A: I am not a scholar of the concept of "superdeterminism" so I may get some historical nuances of the idea wrong. But superdeterminism is just determinism. More precisely, it is a fallacious attempt to find a loophole in Bell's theorem by noticing that determinism, if true, would apply to the experimenter as well as to the experiment.  
Bell inequalities typically pertain to an experiment in which there is some choice about what you measure, e.g. spin up vs spin down, or angle of a polarization filter. Then you look at the statistics predicted by quantum theory, and notice that a local deterministic theory would be unable to produce them, unless the particles had advance knowledge of the measurement settings. There's no reasonable way for them to have that knowledge anyway, but just to make the point, exposition of Bell's theorem may emphasize the ability of the experimenter to choose the measurement settings after the particles (e.g. in an EPR pair) set out towards the measuring device. 
At this point, the "superdeterminist" says "Aha!
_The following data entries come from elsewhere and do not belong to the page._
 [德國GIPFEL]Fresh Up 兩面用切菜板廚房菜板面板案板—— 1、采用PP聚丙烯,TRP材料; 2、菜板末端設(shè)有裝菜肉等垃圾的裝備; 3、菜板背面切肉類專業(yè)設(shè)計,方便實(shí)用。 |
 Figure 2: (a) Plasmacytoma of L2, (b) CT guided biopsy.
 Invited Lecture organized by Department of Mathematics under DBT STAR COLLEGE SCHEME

But if determinism is true, then the experimenter's choice was predetermined, all the way back to the big bang, so in principle the particles had access to information implying what the choice would be." Which is true, but ridiculous. We could set up these experiments so that the settings are controlled by any absurd mechanism you imagine; for example, the total amount of droppings from a mouse in a cage - if it's more than X, we measure spin up, if it's less than X, we measure spin down. 
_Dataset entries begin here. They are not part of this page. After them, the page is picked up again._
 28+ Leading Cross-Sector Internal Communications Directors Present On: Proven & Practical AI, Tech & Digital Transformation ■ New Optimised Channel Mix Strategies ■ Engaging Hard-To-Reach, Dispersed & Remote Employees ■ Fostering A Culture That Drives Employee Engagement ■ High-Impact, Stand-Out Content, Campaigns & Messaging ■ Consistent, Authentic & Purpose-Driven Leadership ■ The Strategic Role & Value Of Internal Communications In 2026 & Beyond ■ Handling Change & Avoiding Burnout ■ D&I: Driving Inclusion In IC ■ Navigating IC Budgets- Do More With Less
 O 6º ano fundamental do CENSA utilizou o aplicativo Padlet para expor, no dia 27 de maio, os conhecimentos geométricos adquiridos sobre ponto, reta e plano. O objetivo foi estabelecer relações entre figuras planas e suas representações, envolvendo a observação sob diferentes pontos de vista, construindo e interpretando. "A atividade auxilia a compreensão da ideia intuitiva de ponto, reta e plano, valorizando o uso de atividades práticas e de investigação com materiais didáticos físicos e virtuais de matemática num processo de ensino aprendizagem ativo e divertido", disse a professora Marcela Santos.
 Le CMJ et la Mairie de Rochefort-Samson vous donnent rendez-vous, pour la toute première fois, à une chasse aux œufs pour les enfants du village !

It is absurd to suppose that the microscopic causality of the universe is such that it would always set the hidden variables inside the particle in a way which matches the amount of droppings that the mouse produces; or equivalently, that the microscopic causality of the universe is always going to finetune the metabolism of the mouse in order to match the hidden variables on board the approaching particle. Yet this really is the sort of thing that the superdeterminist loophole requires! (If anyone has a non-absurd formulation of superdeterminism, I'd like to know about it.) 
Retrocausality, which was also mentioned in the question, is a completely different concept. A retrocausal theory - perhaps we should say bicausal, since it would be "procausal" as well as retrocausal - has two arrows of time in it, going in opposite directions. So it can be locally procausal and locally retrocausal, and still have spacelike correlation and loops in time. But no-one has a working model of such a theory. 
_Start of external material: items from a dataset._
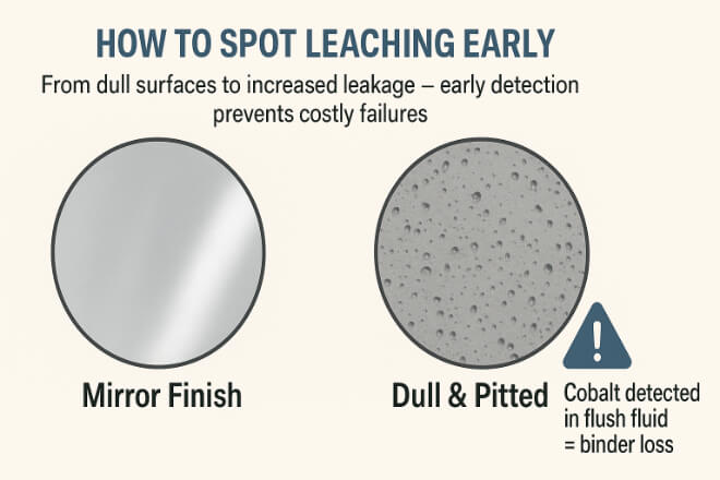 Finding cobalt or nickel ions in the flush or process fluid is direct evidence of binder leaching.
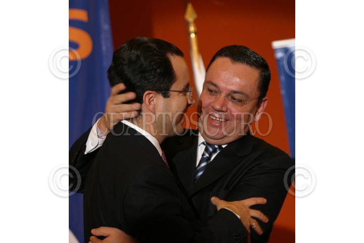 MÉXICO,D,F.,05OCTUBRE2007.- Cesar Nava secretario particular de la presidencia saluda a German Martínez Cazares durante la presentación oficial de Martinez Cazares a la presidencia del partido Acción Nacional. FOTO:SAÚL LÓPEZ/CUARTOSCURO.COM
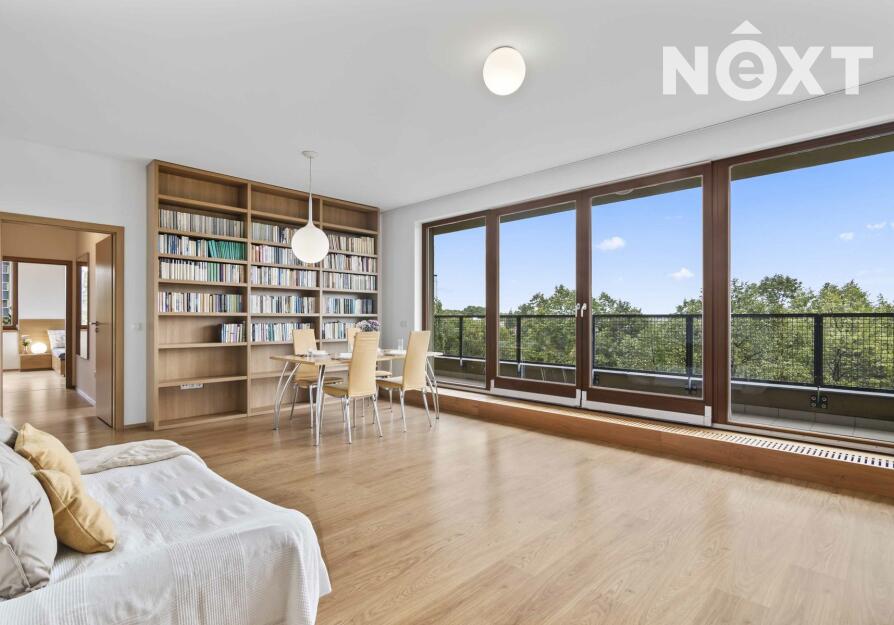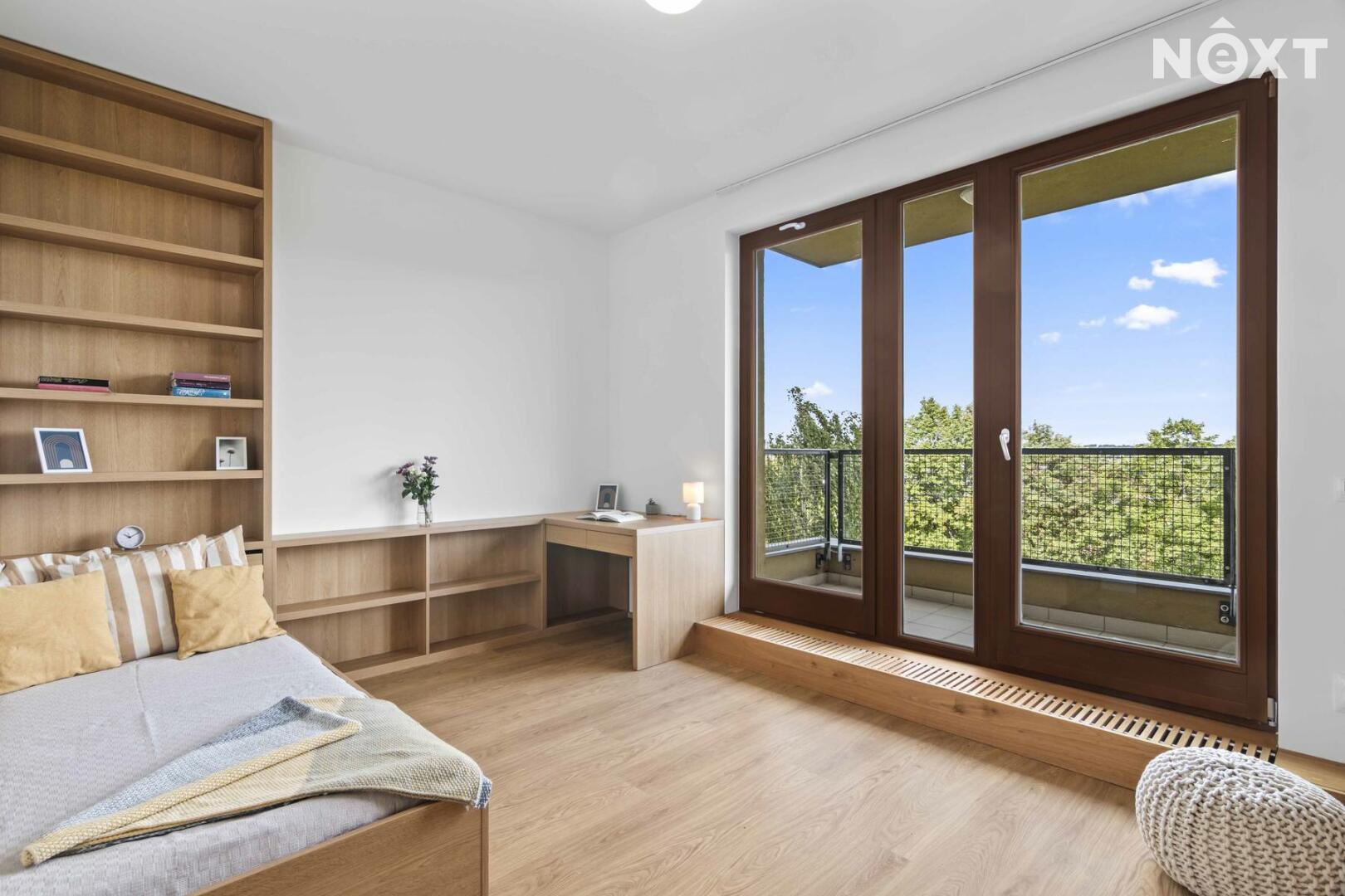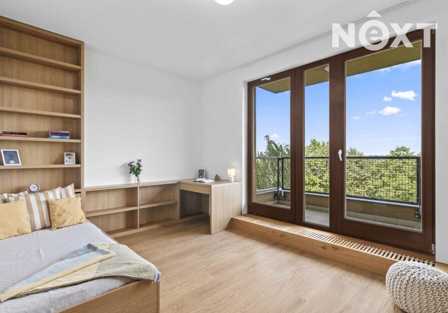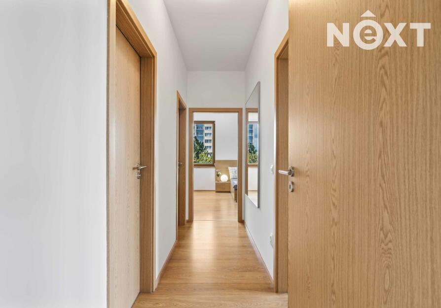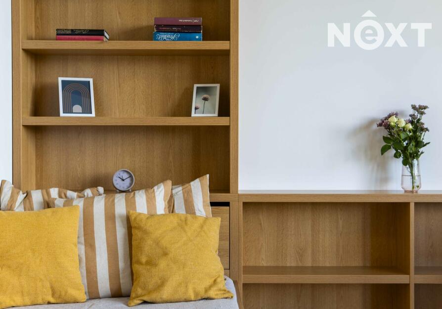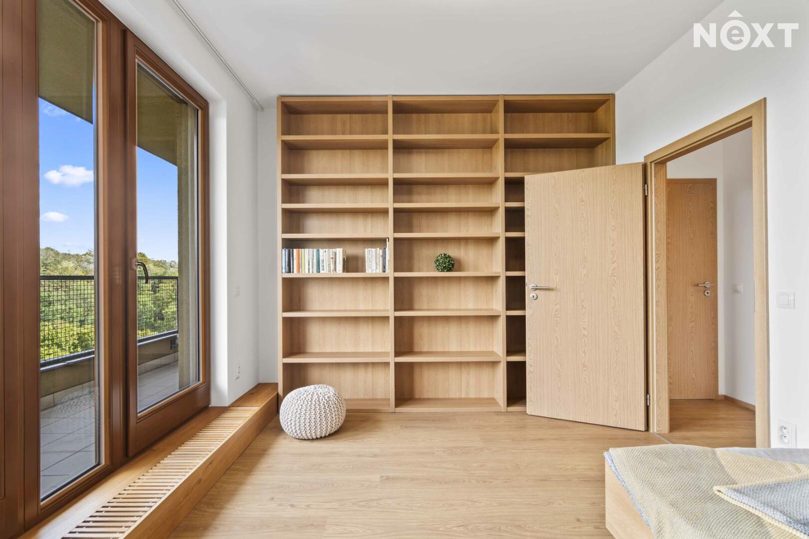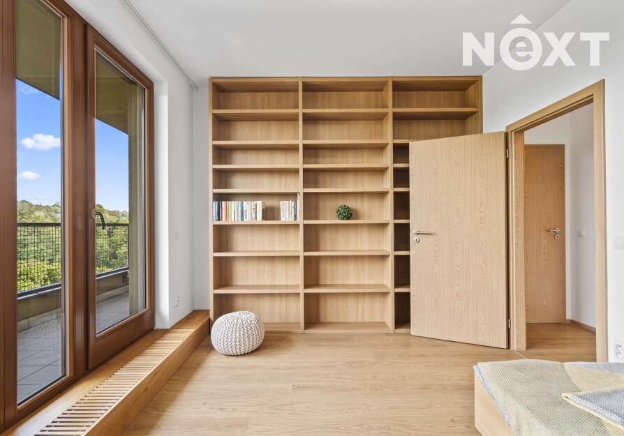 Obývací pokoj s francouzskými okny navazuje na kuchyň a jídelní kout. Díky přímému vstupu na prostorný balkon je to místo, kde si užijete ranní kávu i večerní klid s výhledem do zeleně. Dvě neprůchozí ložnice poskytují soukromí každému členovi rodiny. Praktické řešení doplňuje samostatná toaleta, šatna i vestavěné knihovny na míru, které dodávají interiéru útulnost a funkčnost.

A: Superdeterminism is simply the theory that determinism is predetermined. For that to be true then we are saying that something can only come from nothing thereby establishing true cause and effect. Anything that is 'truly' casual can not exist prior to its own existence. There is only one thing can satisfy such requirements and that is a true causal dichotomy which would be non-local to its effectual state, i.e., spin, which we observe as local. Follow me so far?
If so, then perhaps you will find my findings on this topic of importance:
http://fqxi.org/community/forum/topic/1809
... John Bell was right, "There is a way to escape the inference of superluminal speeds and spooky action at a distance. But it involves absolute determinism in the universe, the complete absence of free will."